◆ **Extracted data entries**
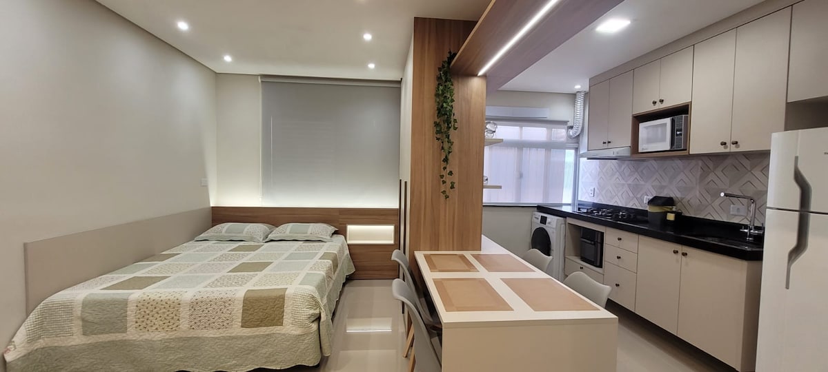 Tökéletes hely az angol Chácarában, az SBC elsőrangú területén! Legfeljebb 4 ember fér el benne. Teljes és otthonos, felszerelt konyhával, munkaállomással, streaming hozzáféréssel rendelkező Smart TV-vel, queen méretű ággyal, ikonikus tükörrel, törölközőmelegítővel és kifinomult dekorációval. Szolgáltatási területtel, integrált szobával és kiváló elhelyezkedéssel rendelkezik: 15 percre Sacomã - SP-től, 50 percre Santostól és 22 percre São Caetanótól. Az épületnek nincs garázsa, de a vendégek és a lakók gyakran nyugodtan parkolnak a közeli utcákban
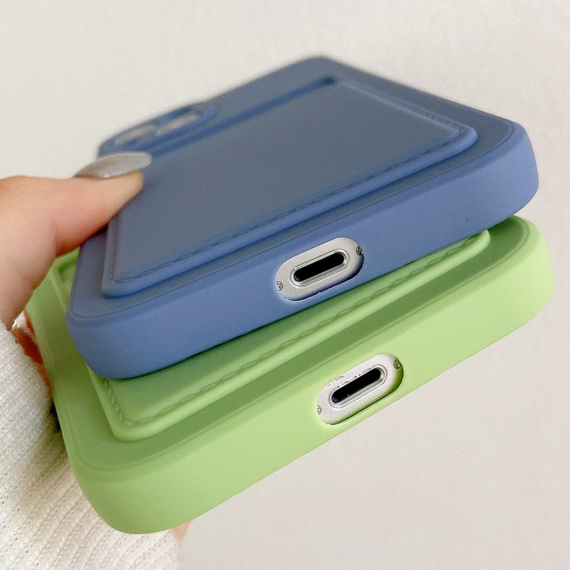 适用苹果15卡包手机壳14Plus全包iPhone 13mini 11自带装卡16 12Pro Max保护套XS XR 7 8 6SPlus SE3软手机套
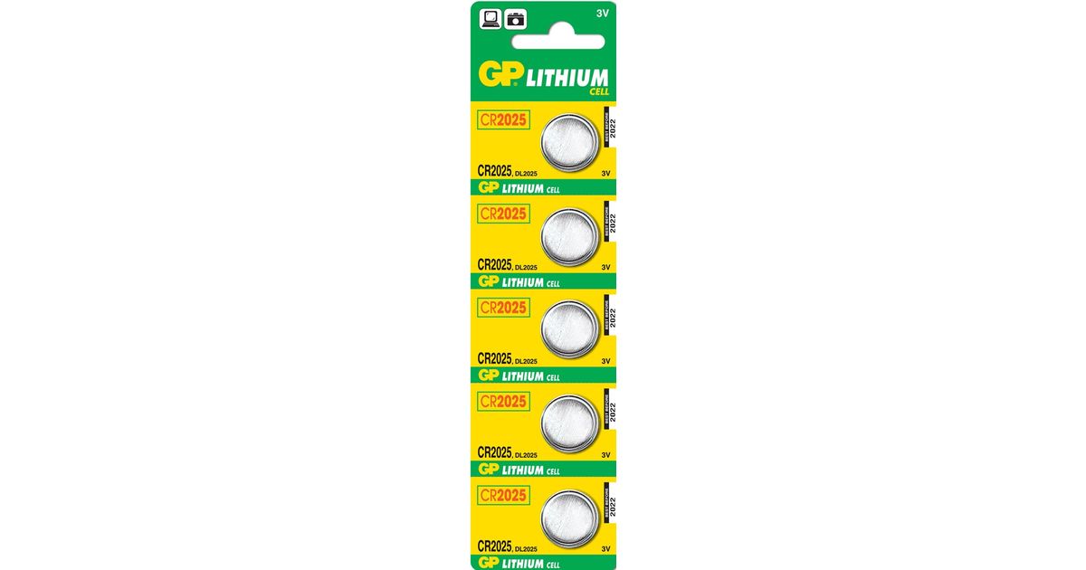 GP Batteries Lithium Cell CR2025, Ühekordne patarei, CR2025, Liitium, 3 V, 5 tk, Roostevaba teras
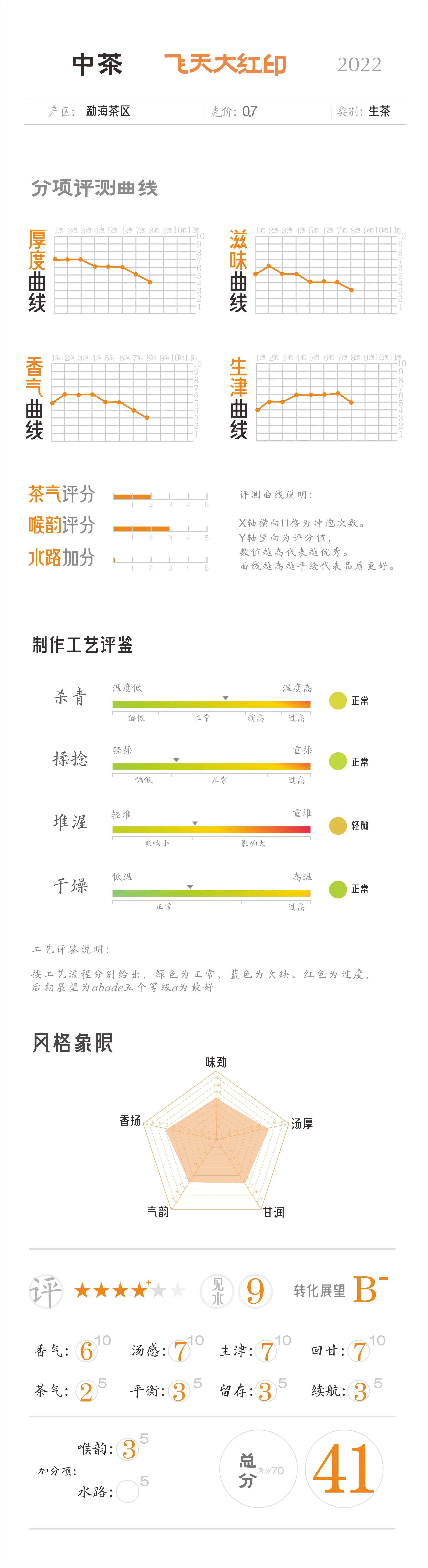 中茶这款飞天大红印总体表现出均衡的风格,往好点说是平衡性好,往差点说就是平庸,结合总体口感,给出平庸的评价并不为过。
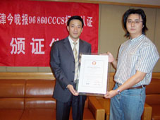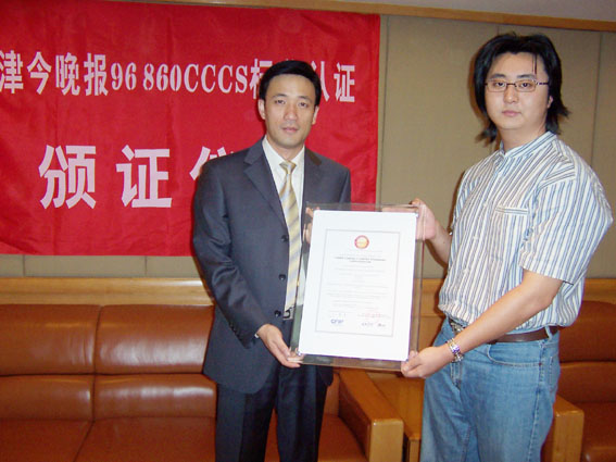 2004年9月9日,天津今晚報公眾服務中心通過了《全國呼叫中心運營績效標準》(CCCS-OP-2003)認證,并獲得由中國信息化推進聯(lián)盟客戶關系管理專業(yè)委員會頒發(fā)的認證證書(四星級客戶服務中心),成為國內(nèi)傳媒業(yè)首家通過此認證的呼叫中心。
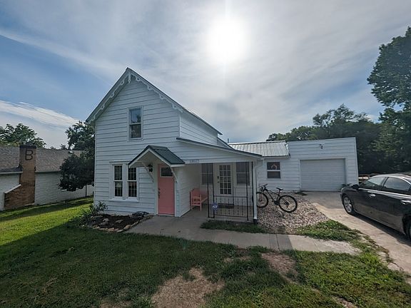 Inside, natural light filters through large, well-placed windows, illuminating rooms that feel both spacious and snug. Original wooden accents add a nostalgic touch, complemented by polished hardwood floors that echo with whispers of history. Each room invites exploration, from the quaint kitchen with its country flair to the cozy living area, ideal for family gatherings or peaceful solitude. The backyard, a little oasis of greenery, offers a place for quiet reflection, starry evenings, or small gatherings under the open Kansas sky.
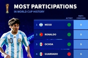1.梅西 (阿根廷), 5届 (2006, 2010, 2014, 2018, 2022)
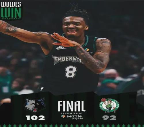 今日常規(guī)賽,森林狼以102-92掀翻凱爾特人,成功避免連敗之余,順手還打破了一段21年的魔咒。
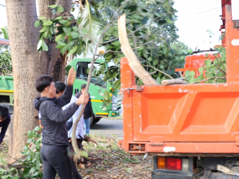 | ลงพื้นที่ตรวจงานตัดแต่งกิ่งไม้-จัดเก็บขยะ ริมถนนโพธิ์กลาง |

◆ **Directions for this task**
Retype every record above word for word, leaving out any pictures.

◆ **Task response**
 Tökéletes hely az angol Chácarában, az SBC elsőrangú területén! Legfeljebb 4 ember fér el benne. Teljes és otthonos, felszerelt konyhával, munkaállomással, streaming hozzáféréssel rendelkező Smart TV-vel, queen méretű ággyal, ikonikus tükörrel, törölközőmelegítővel és kifinomult dekorációval. Szolgáltatási területtel, integrált szobával és kiváló elhelyezkedéssel rendelkezik: 15 percre Sacomã - SP-től, 50 percre Santostól és 22 percre São Caetanótól. Az épületnek nincs garázsa, de a vendégek és a lakók gyakran nyugodtan parkolnak a közeli utcákban
 适用苹果15卡包手机壳14Plus全包iPhone 13mini 11自带装卡16 12Pro Max保护套XS XR 7 8 6SPlus SE3软手机套
 GP Batteries Lithium Cell CR2025, Ühekordne patarei, CR2025, Liitium, 3 V, 5 tk, Roostevaba teras
 中茶这款飞天大红印总体表现出均衡的风格,往好点说是平衡性好,往差点说就是平庸,结合总体口感,给出平庸的评价并不为过。
 2004年9月9日,天津今晚報公眾服務中心通過了《全國呼叫中心運營績效標準》(CCCS-OP-2003)認證,并獲得由中國信息化推進聯(lián)盟客戶關系管理專業(yè)委員會頒發(fā)的認證證書(四星級客戶服務中心),成為國內(nèi)傳媒業(yè)首家通過此認證的呼叫中心。
 Inside, natural light filters through large, well-placed windows, illuminating rooms that feel both spacious and snug. Original wooden accents add a nostalgic touch, complemented by polished hardwood floors that echo with whispers of history. Each room invites exploration, from the quaint kitchen with its country flair to the cozy living area, ideal for family gatherings or peaceful solitude. The backyard, a little oasis of greenery, offers a place for quiet reflection, starry evenings, or small gatherings under the open Kansas sky.
1.梅西 (阿根廷), 5届 (2006, 2010, 2014, 2018, 2022)
 今日常規(guī)賽,森林狼以102-92掀翻凱爾特人,成功避免連敗之余,順手還打破了一段21年的魔咒。
 | ลงพื้นที่ตรวจงานตัดแต่งกิ่งไม้-จัดเก็บขยะ ริมถนนโพธิ์กลาง |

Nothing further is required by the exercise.